Вечно лезешь и лезешь! Когда он в последний раз ходил по ровной земле? Когда в последний раз ходил по дёрну или песку, или копал землю, или срывался бежать, или сидел верхом на пони? Нет, только лезешь и лезешь вертикально вверх, как муха по стене дома. Он поклялся, что если когда-нибудь вернётся домой, больше никогда не уйдёт с горизонтальной плоскости.
Средняя Хижина была усеяна остатками съеденных качурок. В одну продели фитиль и зажгли, чтобы лучше видеть, но она прогорела, потому что Хранитель Огня уснул после незапланированной трапезы. Все уснули. Куилл заорал так громко, как только мог.
– Знамение! Я видел знамение – но это не было – знамение, в смысле – это была не птица-душа… – Он схватился за рёбра, которые болели так, что не вдохнуть, и почувствовал ладонями, как они сжимаются и раздуваются, словно гармонь. – …потому что она не пропала, и она была вот так близко… вот так, Богом клянусь! – она была настоящая!
Птицеловы сонно уставились на него. Он хотел присесть на мягкий Трон Хранителя, но на нём раскинулся вниз лицом Калум – всё ещё спящий.
– Кайры! – прохрипел Куилл. – Кайры возвращаются!

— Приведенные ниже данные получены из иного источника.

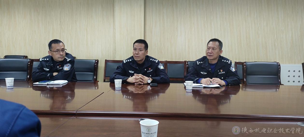 陈峰从师生安全教育、隐患排查、网络安全管理、学生管理、反诈宣传、毕业季学生管理、社团管理、常态化值班巡逻等八个方面向公安局领导详细汇报了我校安全管理的工作情况、亮点及成效。并且表示保卫处积极落实学校文件精神,联合金台分局对校园重点人群进行摸排排查。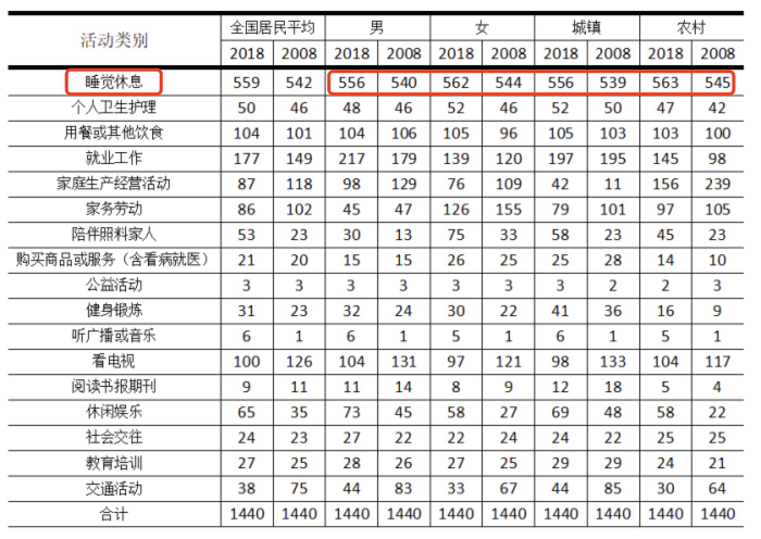 对比可知,与2008年相比,2018年我国男性居民花费在睡觉休息上的平均时间的增速最低。

И отметины на стене, и Донов запас лапок тупиков говорили о том, что до февраля ещё несколько недель. Последние птицы съедены, последнее масло прогорело, море слишком бурное… всё гласило о том, что птицеловам на Стаке пришла пора голодать.
Но у птиц календарь вернее. Осенью, племя за племенем, они улетают в море. Племя за племенем, они возвращаются весной. И кайры всегда прилетают первыми, прокрадываются на берег в предрассветных сумерках, выбираются на сушу, как потерпевшие кораблекрушение. По зову природы кайры вернулись на Стак выводить птенцов!

Весенняя лихорадка

Кайра – простая птица. Она одевается в чёрно-белое. И мысли у неё чёрно-белые. Глядя на белое, она видит – кто знает, что она видит? – колонию товарок-кайр; насест, с которым можно слиться? Она ищет белое.
Птицеловы взяли Трон Хранителя, вытряхнули из него перья – им нужен был только мешок – и принялись выбеливать его стольким птичьим помётом, сколько только смогли найти.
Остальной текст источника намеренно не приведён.